• Work-stealing is an algorithm that enables threads in an application to “steal” work from other threads to balance tasks across threads
    • Context: In a multithreaded environment, a thread may be working on a set of tasks, but tasks may take a variable amount of time to finish, leaving the workloads unbalanced. a work-stealing algorithm dynamically balances the workload across a set of threads to balance workloads.
  • We want to avoid doing as much work as possible on the main thread, since we could potentially get bottlenecked if the work required to pass the task onto the worker thread is “expensive” and we need to handle a large amount of tasks
    • Similarly, we could have the boss manage the worker’s queues, but that’s an expensive operation that involves too much synchronization.
    • If a thread isn’t doing work, that means it’s free to go look for work: we want to keep the main thread as free as possible to coordinate in other ways.
  • While we could spawn a thread per task, threads are expensive to create + delete + consume a fixed amount of memory. so we try to map our unit of work into a fixed amount of threads, which ideally maps 1:1 to kernel threads to avoid thread context switching.
    • While not explicitly related to work-stealing, a model that maps M “virtual threads” (which in this case, is a “task” of work) to N kernel threads is considered a M:N scheduler.
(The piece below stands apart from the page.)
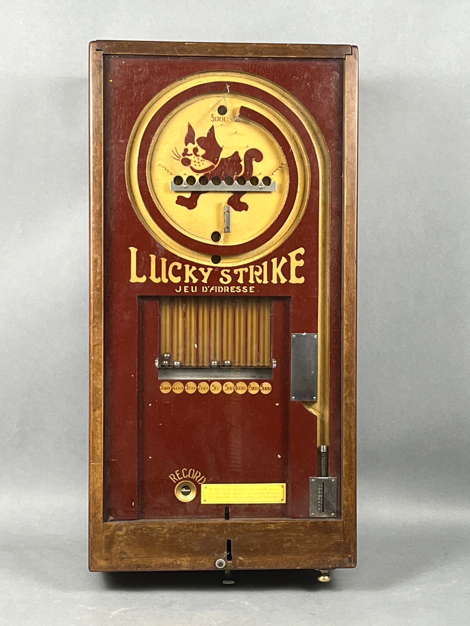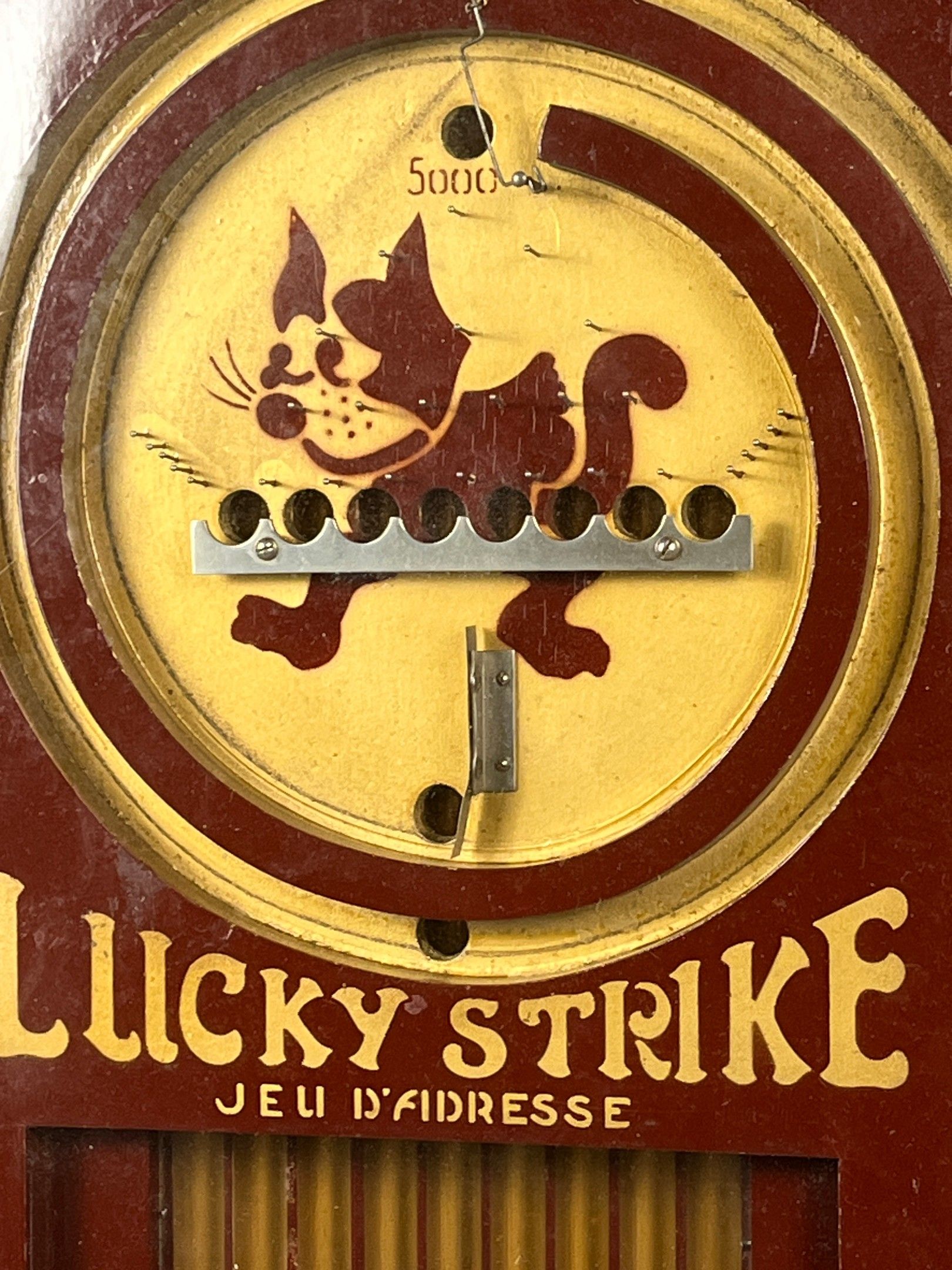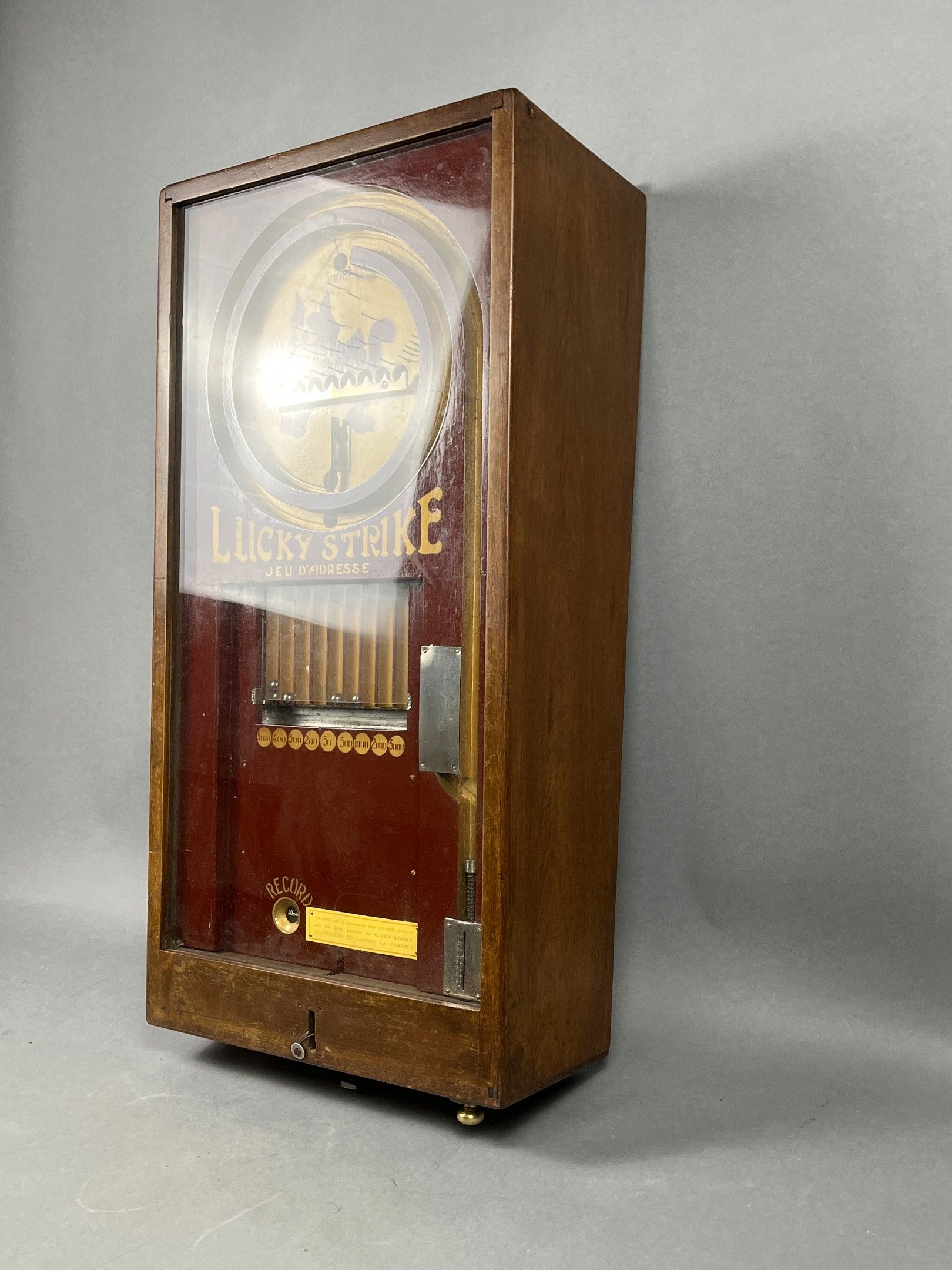 Lucky Strike" skill game in wooden box. With 8 marbles. Max. height: 21.5 cm; length: 78 cm; width: 39 cm. Works well.

The “M” threads (or tasks) live in userspace.
    • Also called “green threads”, but its semantics are not very well-defined.
  • IO these days is faster than a thread context switch! due to io_uring and IORing (on Windows) and hardware like NVME.
  • Is it safe to pass pieces of work between threads? a task must have ownership of its own data to be safely passed between threads. it can’t rely on thread-local storage.
    • There likely is some overhead with passing a task to another thread, but not as much overhead as a thread just chilling doing nothing
  • We want to avoid touching the kernel as much as possible, ie do as much in userspace as possible.
  • Implementations of “work-stealing”
  • Alternatives:
    • “share-nothing” or “thread-per-core”
      • Relies exclusively on assigning pieces of work to a thread, with the threads not interacting with eachother (or doing so by message passing). can be faster in many scenarios
      • Popularized by seastar, which is used by Scylla.